Emma était une jeune femme de son époque. Elle était connectée.
Sur ses divers profils en ligne on pouvait lire « international creative consultant, stylist and life lover, founder of Emma’s way of life ». Ses articles sur l’air du temps, la mode, l’art de vivre ou tout autre sujet lui tenant à cœur, recevaient des millions de « likes »: autant de petits cœurs, pouces levés ou commentaires, provoqués par le ton acéré et plein d’humour qui avait fait sa réputation. Ses écrits étaient illustrés par ses photos, ses croquis caricaturaux ou ses vidéos inspirées. Elle était connue, reconnue et débordée. Absorbée par son métier, à 29 ans, elle n’avait pas une minute à consacrer à sa vie privée ou à sa famille. Elle naviguait entre Montréal, Paris et New York en passant par Miami ou Los Angeles, sans oublier Hong Kong. Elle était citoyenne du monde et vivait sans frontières, perpétuellement en transit. Qu’elle habite physiquement au Canada, en France, aux États-Unis ou au Groenland, n’avait aucune espèce d’importance. Elle était Emma, et cela était suffisant. Ses origines françaises ajoutaient une touche d’exotisme à son profil et ne faisaient qu’accentuer l’admiration que lui vouaient ses followersaméricains ou japonais. Les Européens, eux, se sentaient d’autant plus proches d’elle. Et pour les Québécois, elle était de la famille. À la veille de ses 30 ans, elle était devenue l’amie de 999 000 individus dans le monde. En sachant qu’elle avait créé son blogue à 25 ans, et qu’elle fêterait ses 30 ans dans un jour, cela faisait une moyenne de 199 800 amis par an, soit environ 547 amis par jour. Même en s’imaginant qu’elle aurait passé ses journées à vagabonder dans les rues de Montréal en sympathisant avec toutes les personnes qu’elle aurait pu croiser, cela tenait de la science-fiction! Chacune de ses publications déclenchait des milliers de commentaires, la plupart d’un intérêt tout à fait relatif, rédigés essentiellement en anglais, et provenant du monde entier.

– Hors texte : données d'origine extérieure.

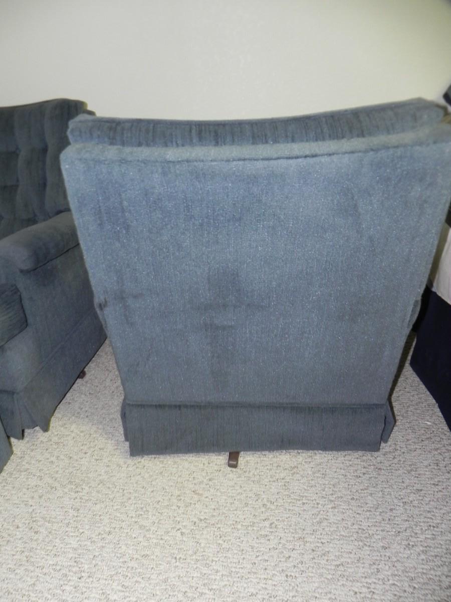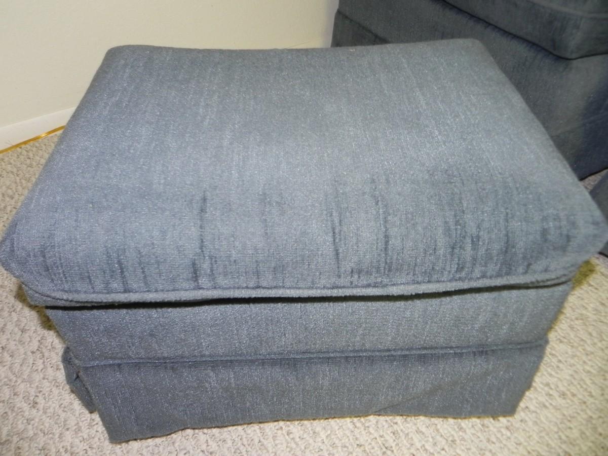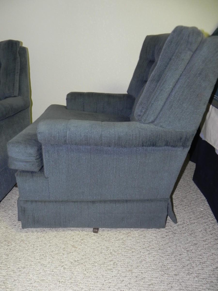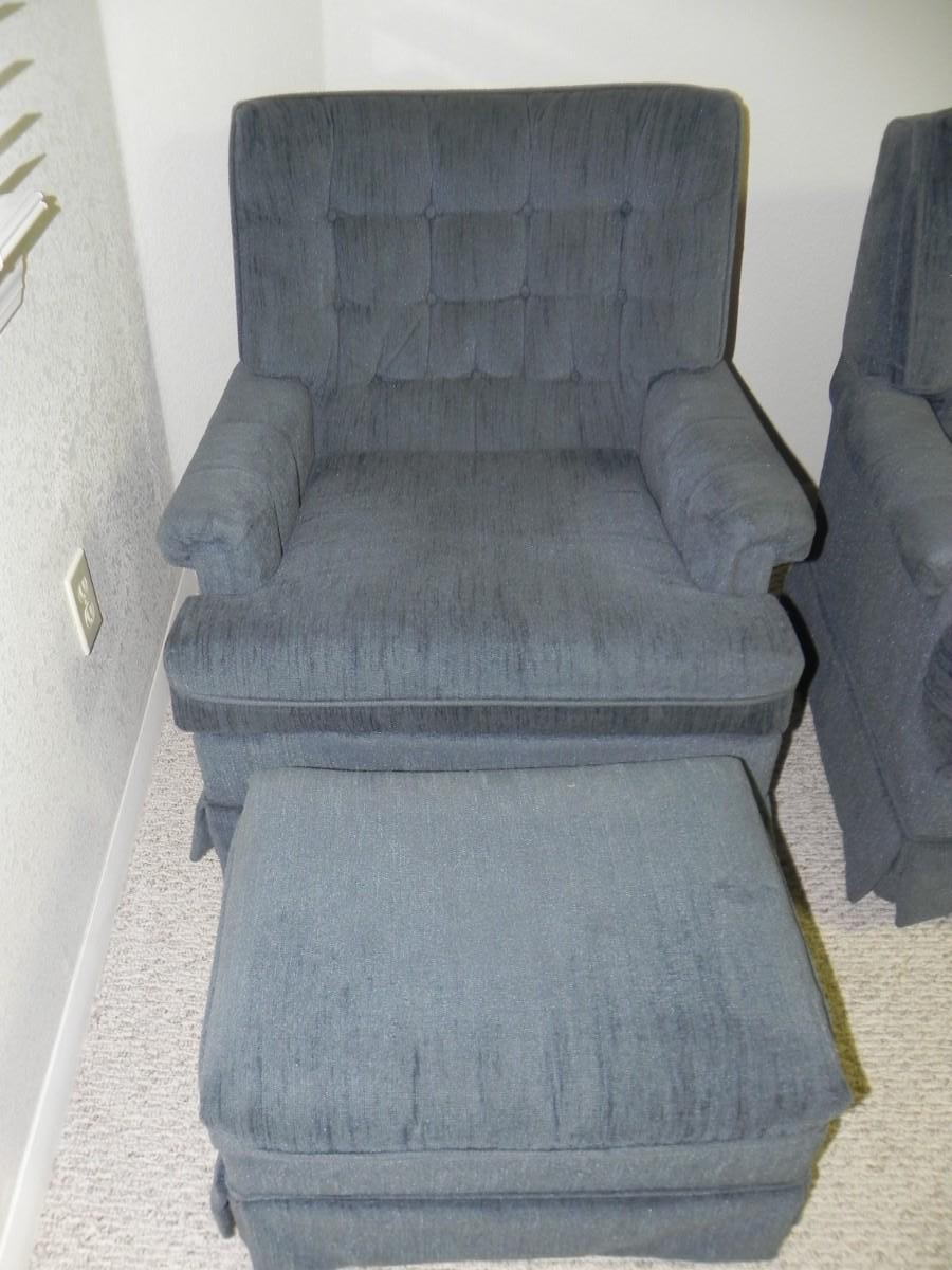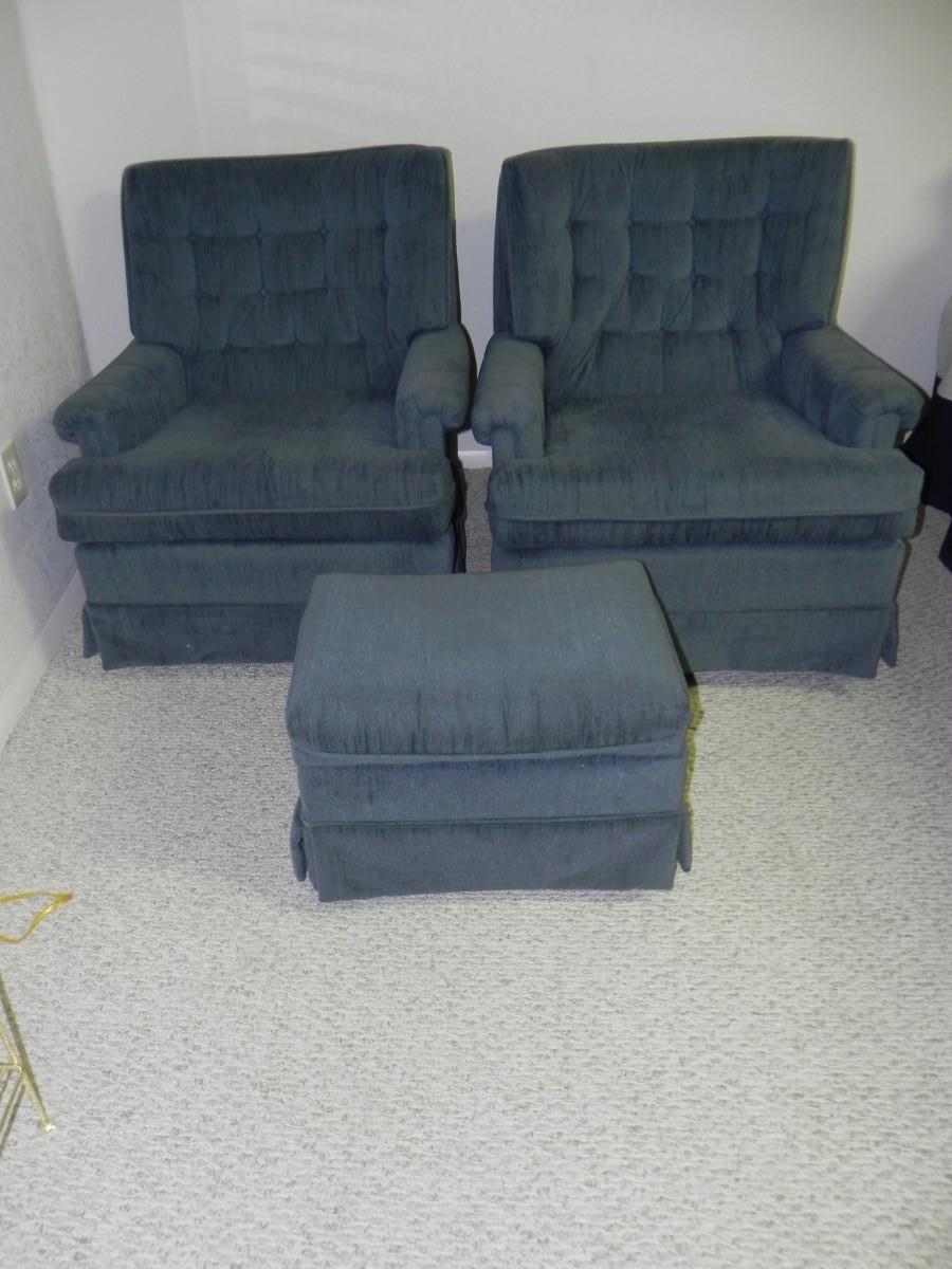 TWO MATCHING UPHOLSTERED CHAIRS THAT ROCK & OTTOMAN
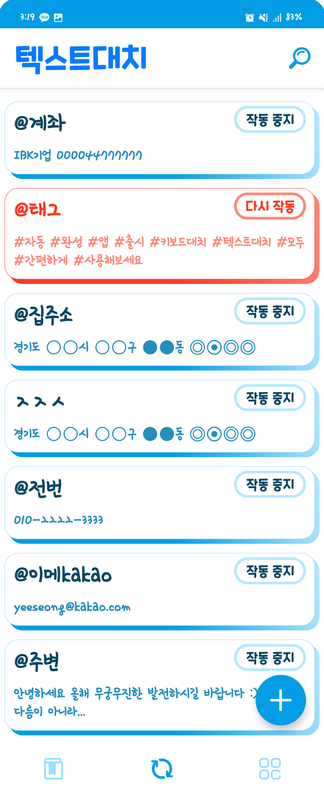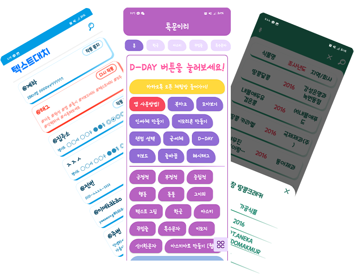 짧은 단어 혹은 초성만 입력하면 자동으로 장문부터 특수 기능 작동까지 되는 신기하고 편리한 앱!
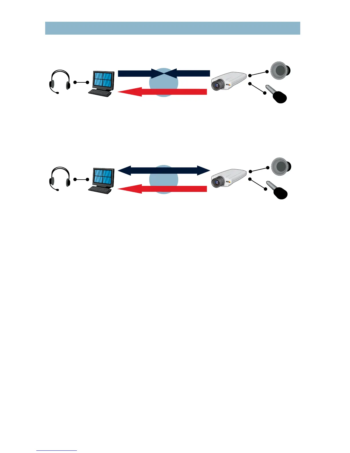Figure 8.3c In half-duplex mode, audio is sent in both directions, but only one party at a time can send. This is

Elle considérait ses abonnés comme sa famille, tout du moins ses proches. Sa vie semblait dépendre de leur fidélité: plus d’abonnés, plus de sponsors, plus de contrats, plus de reconnaissance, plus d’amour. Moins d’abonnés, moins de tout, voir plus rien du tout, la fin de tout, le néant.
La mort.
Elle ne l’aurait pas formulé en ces termes, mais la façon dont elle menait sa vie, orientait ses choix et définissait ses priorités, laissait deviner que c’était ce qu’elle ressentait inconsciemment. Pour preuve, au texto que sa mère lui avait envoyé le jour même: « Emma, on t’attend demain à 19h00 pour fêter ton anniversaire », elle avait répondu « j’essaierai d’être là, peut-être retardée ou en jet lagpour cause d’ interviewavec Vogue France/Paris ».
En lisant la réponse de sa fille, la pauvre Madeleine avait levé les yeux au ciel et s’était contentée de transmettre à son mari « On la perd, Robert, on la perd! », ce à quoi Robert avait rétorqué « Du moment qu’elle s’y retrouve! C’est peut-être nous qui ne sommes plus dans le coup et totalement perdus ma chérie, va savoir? ». Ce genre de remarque avait le don d’agacer Madeleine. Elle avait bien conscience qu’elle n’était pas très au point vis-à-vis des réseaux sociaux, mais elle avait un compte Instagram, ce qui n’était pas le cas de Robert. Elle suivait sa fille, lisait ses articles et les commentaires auto centrés de ses abonnés. Elle avait beau chercher un sens à tout cela, elle ne le trouvait pas. Ce qui la laissait perplexe était la façon dont l’intimité de sa fille filtrait à travers ses écrits ou les images qu’elle publiait. Cette étrange absence de pudeur lui faisait peur, ce n’était pas sain…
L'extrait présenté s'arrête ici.